*** Opening of SUPPLIED DATA ***

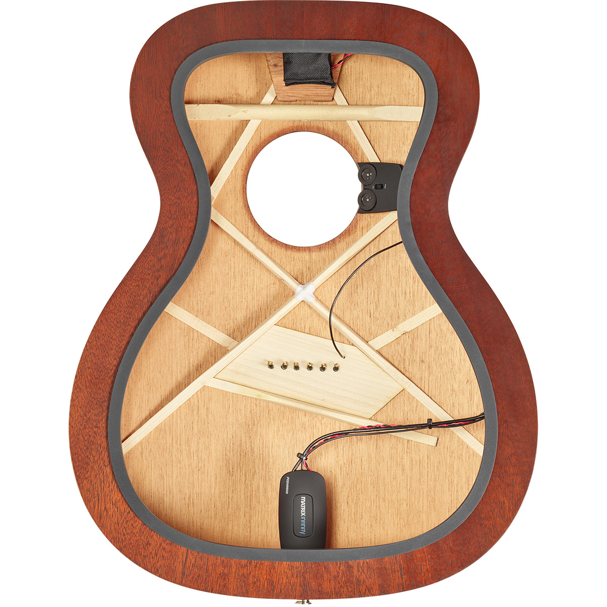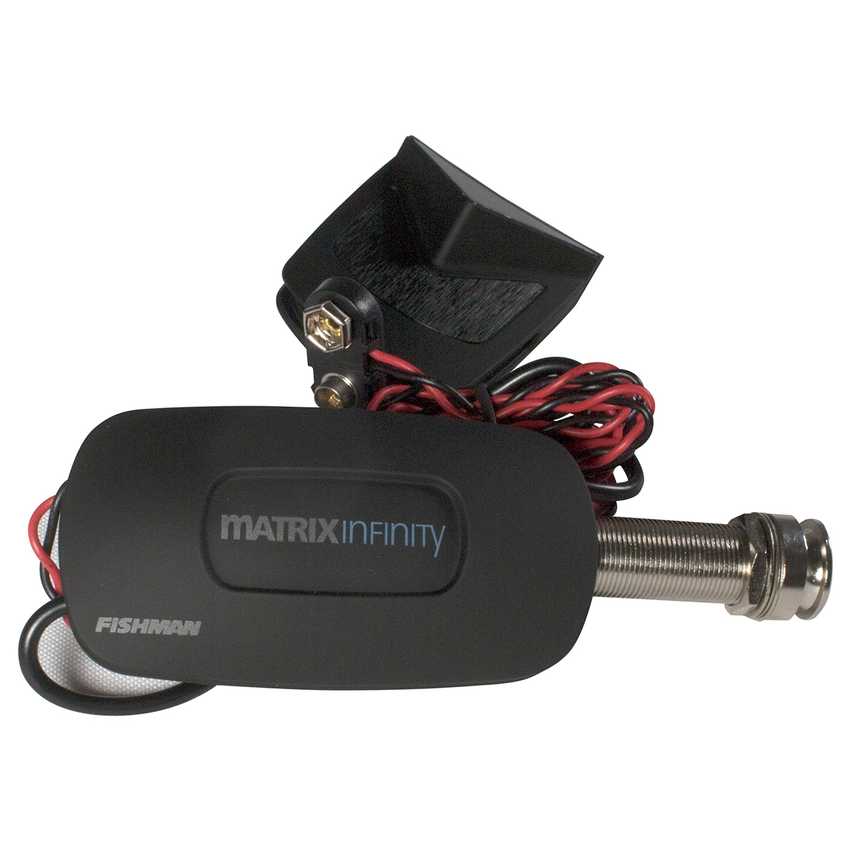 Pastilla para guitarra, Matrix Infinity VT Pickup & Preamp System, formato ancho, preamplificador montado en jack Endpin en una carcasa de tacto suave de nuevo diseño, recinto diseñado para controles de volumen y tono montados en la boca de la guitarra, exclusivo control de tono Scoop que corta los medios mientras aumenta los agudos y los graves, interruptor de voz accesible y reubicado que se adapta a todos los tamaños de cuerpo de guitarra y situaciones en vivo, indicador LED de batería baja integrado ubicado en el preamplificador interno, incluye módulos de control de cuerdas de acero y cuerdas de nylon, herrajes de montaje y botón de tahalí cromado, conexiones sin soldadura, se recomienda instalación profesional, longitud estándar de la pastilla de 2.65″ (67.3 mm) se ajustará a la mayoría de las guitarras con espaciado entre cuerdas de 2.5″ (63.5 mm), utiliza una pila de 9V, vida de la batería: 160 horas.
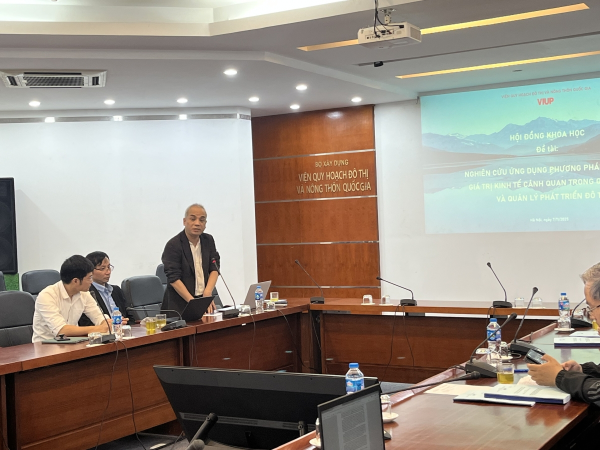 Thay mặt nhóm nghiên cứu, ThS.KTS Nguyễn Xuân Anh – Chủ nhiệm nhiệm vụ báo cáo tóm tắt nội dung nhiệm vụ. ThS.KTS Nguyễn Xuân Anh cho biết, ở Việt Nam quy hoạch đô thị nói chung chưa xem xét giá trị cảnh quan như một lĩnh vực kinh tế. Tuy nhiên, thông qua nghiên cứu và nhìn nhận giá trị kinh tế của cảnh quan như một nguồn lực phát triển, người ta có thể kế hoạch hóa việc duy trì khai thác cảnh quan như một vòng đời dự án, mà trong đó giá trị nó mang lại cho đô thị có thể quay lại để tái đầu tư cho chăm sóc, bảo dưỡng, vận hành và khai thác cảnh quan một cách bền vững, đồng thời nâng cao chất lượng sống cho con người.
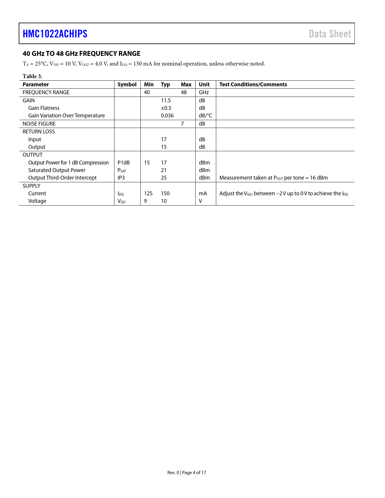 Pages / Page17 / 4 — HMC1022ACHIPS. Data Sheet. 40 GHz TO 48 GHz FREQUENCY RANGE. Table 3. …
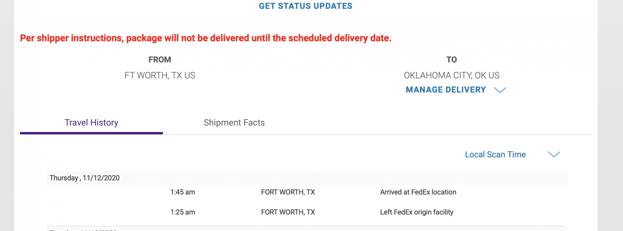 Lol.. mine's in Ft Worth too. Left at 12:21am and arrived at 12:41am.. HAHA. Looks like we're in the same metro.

*** Close of SUPPLIED DATA ***

» YOUR GOAL:
Repeat only the lines from the one with "Pages / Page17" through the end of the data, both included and exactly as written. Pictures stay out of the copy.

» SOLUTION TO THE PROBLEM:
 Pages / Page17 / 4 — HMC1022ACHIPS. Data Sheet. 40 GHz TO 48 GHz FREQUENCY RANGE. Table 3. …
 Lol.. mine's in Ft Worth too. Left at 12:21am and arrived at 12:41am.. HAHA. Looks like we're in the same metro.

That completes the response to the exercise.